Они переехали мостик, перекинутый над трещиной в береговом припое, и маленькая машина пошла кружиться и буксовать по разъезженной ее могучими собратьями трассе. Ехать стало скучновато: в стекла ничего почти не видно, кроме безбрежной белой пелены снега. Владимир Петрович ушел подбородком в воротник и незаметно задремал.
Очнулся он оттого, что машина стояла недвижно.
— Владимир Петрович! Товарищ военинженер! — тревожно тормошил его Гурьев... — Владимир Петрович, проснитесь! Плохое дело! ..
Встряхнувшись, он сел, как встрепанный: «Заблудились? Бомбежка? Какой километр?»

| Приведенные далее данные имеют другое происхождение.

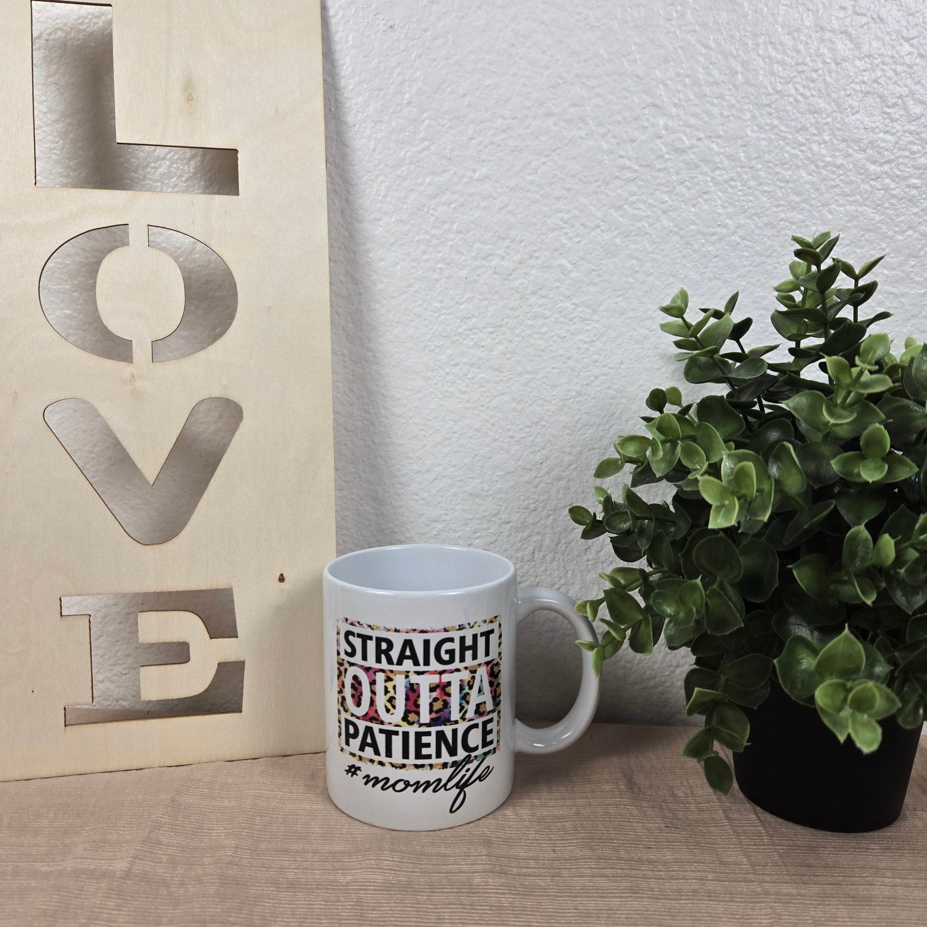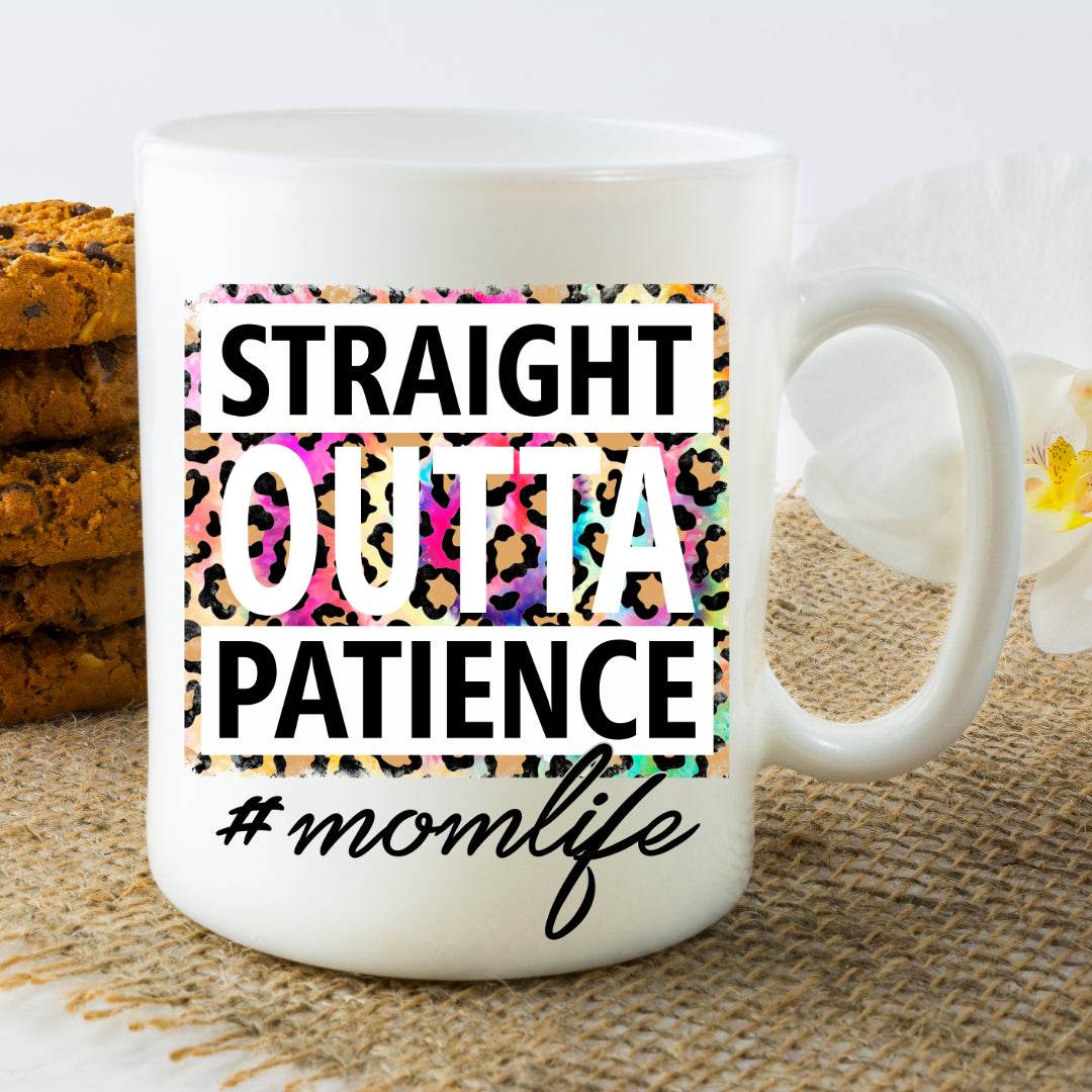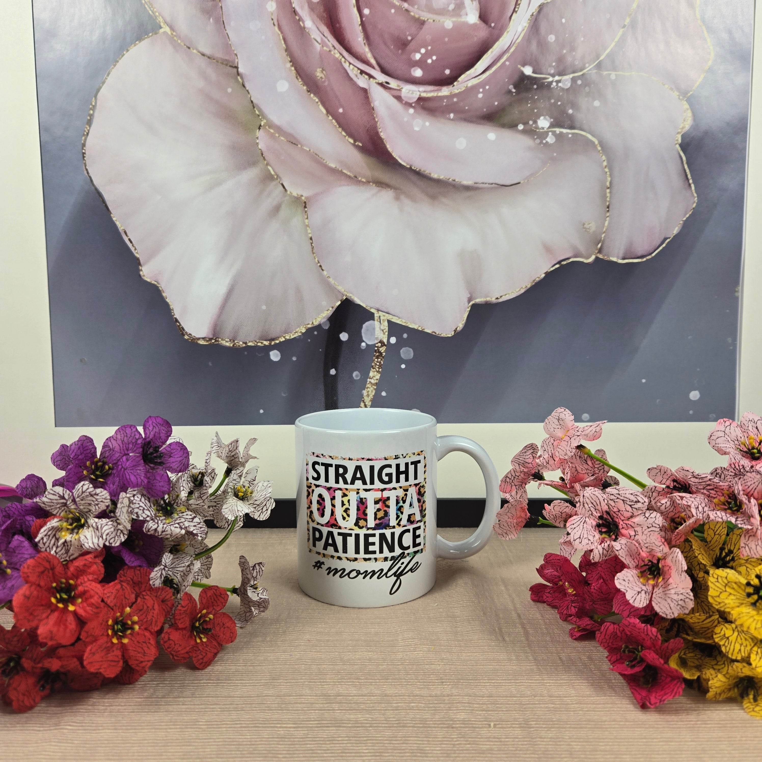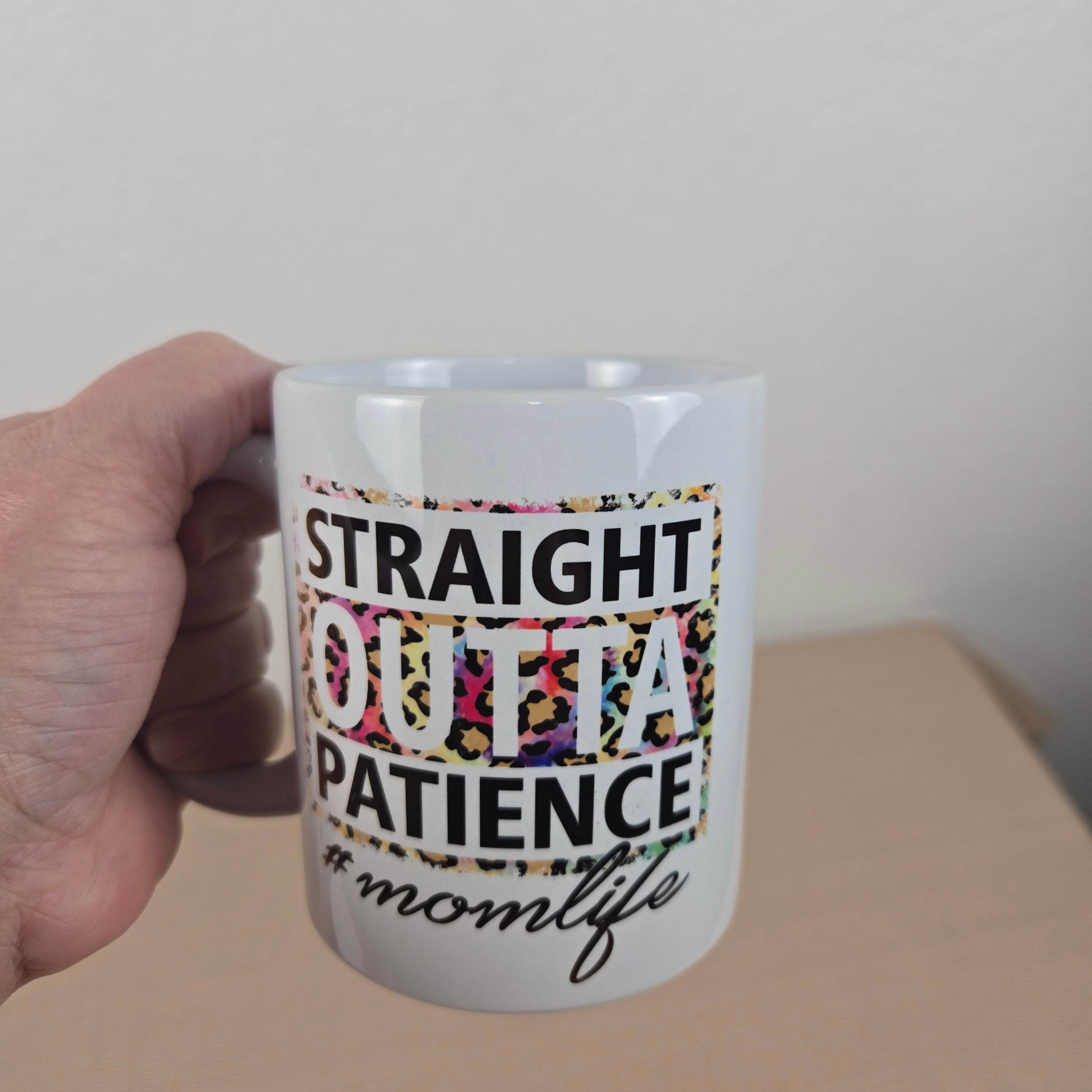 Get your caffeine fix with this hilarious ceramic mug featuring a quirky Straight Outta Patience #Mom Life design. No need to sacrifice your patience for a good laugh!
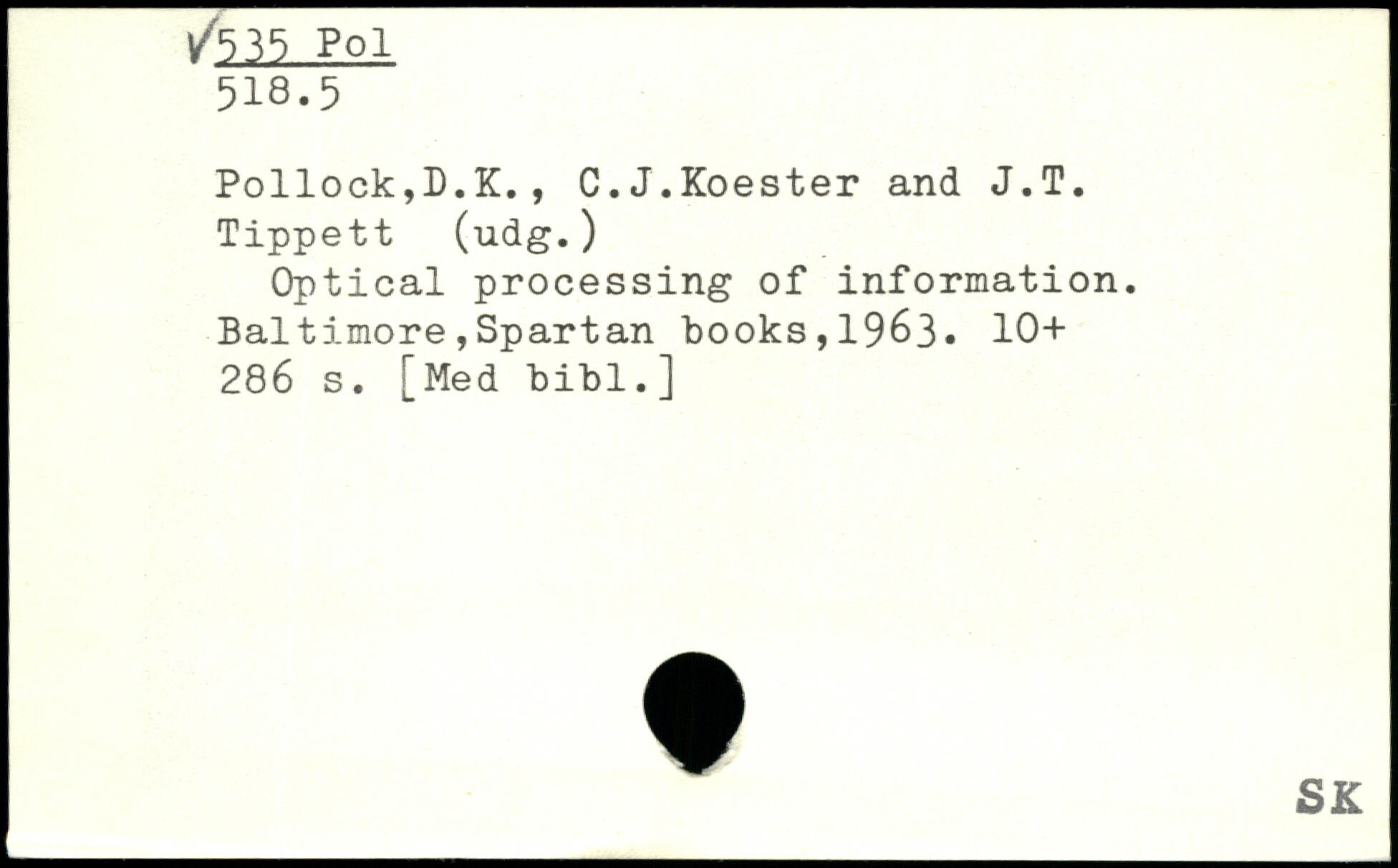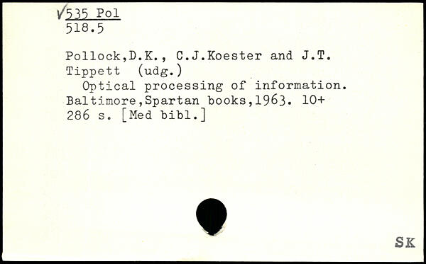 Pollock,D.K., C.J.Koester and J.T. Tippett (udg.) Optical processing of information.

Километр был одиннадцатый. В воздухе царила полная тишина. Вешки, окаймляющие трассу, виднелись и справа и слева. Но за ними, сойдя с дороги на дикое снежное поле, прорезав с ходу довольно высокий вал, отделявший полотно от целины, стояла полуторатонка. Та самая, на которой уехали киноработники. Она стояла неподвижно, глубоко уйдя колесами в сыпучий снег. И это бы еще полбеды; но ее мотор работал. Около нее не было никого: ни кинооператора, ни его забинтованной спутницы, а в шоферской кабине, отвалившись к левой ее дверце, полулежал, полусидел молоденький красноармеец- водитель. Грудь его была насквозь прострелена выстрелом в упор, очевидно с правого сиденья. Кровь текла на пол кабины и, застывая, капала сквозь щели на снег.
В первые минуты ни Гурьев, ни Гамалей никак не могли сообразить, что же именно тут произошло. Прежде всего им пришло в голову — налет истребителя; шофера убило; перепуганные пассажиры кинулись бежать по дороге...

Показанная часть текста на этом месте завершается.